THE TASK:
Could you output each line below exactly as it appears, excluding any pictures?

INPUT DATA:
>>>

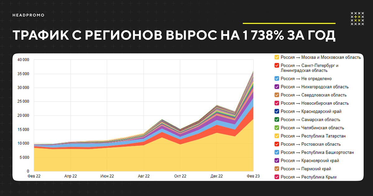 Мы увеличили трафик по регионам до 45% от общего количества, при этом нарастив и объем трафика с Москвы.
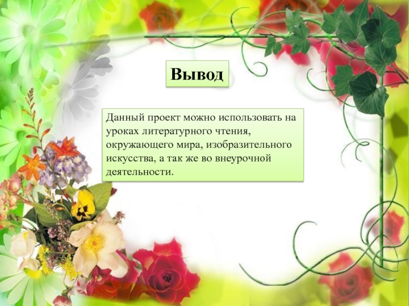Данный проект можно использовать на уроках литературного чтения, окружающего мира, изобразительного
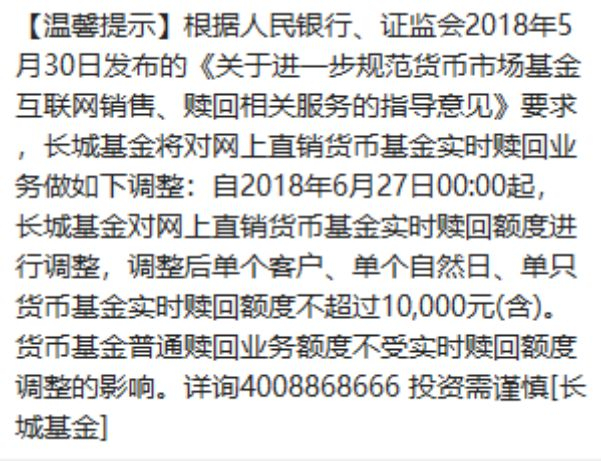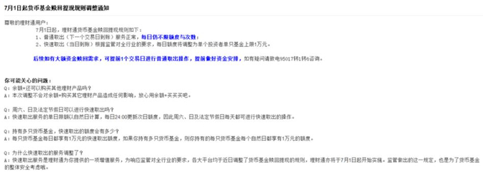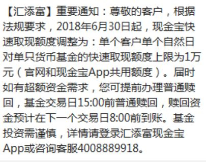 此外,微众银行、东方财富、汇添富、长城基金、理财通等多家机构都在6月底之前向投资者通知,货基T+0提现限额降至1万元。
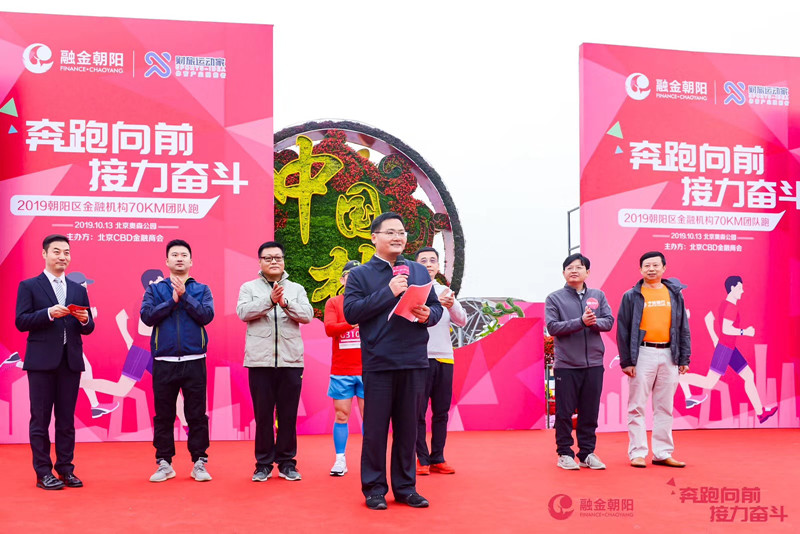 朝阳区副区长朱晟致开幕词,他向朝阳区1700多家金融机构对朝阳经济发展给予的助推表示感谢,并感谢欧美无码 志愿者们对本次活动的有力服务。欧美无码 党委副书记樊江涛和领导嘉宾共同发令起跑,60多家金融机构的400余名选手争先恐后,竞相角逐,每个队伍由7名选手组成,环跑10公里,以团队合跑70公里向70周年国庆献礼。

<<<

FINAL ANSWER:
 Мы увеличили трафик по регионам до 45% от общего количества, при этом нарастив и объем трафика с Москвы.
Данный проект можно использовать на уроках литературного чтения, окружающего мира, изобразительного
 此外,微众银行、东方财富、汇添富、长城基金、理财通等多家机构都在6月底之前向投资者通知,货基T+0提现限额降至1万元。
 朝阳区副区长朱晟致开幕词,他向朝阳区1700多家金融机构对朝阳经济发展给予的助推表示感谢,并感谢欧美无码 志愿者们对本次活动的有力服务。欧美无码 党委副书记樊江涛和领导嘉宾共同发令起跑,60多家金融机构的400余名选手争先恐后,竞相角逐,每个队伍由7名选手组成,环跑10公里,以团队合跑70公里向70周年国庆献礼。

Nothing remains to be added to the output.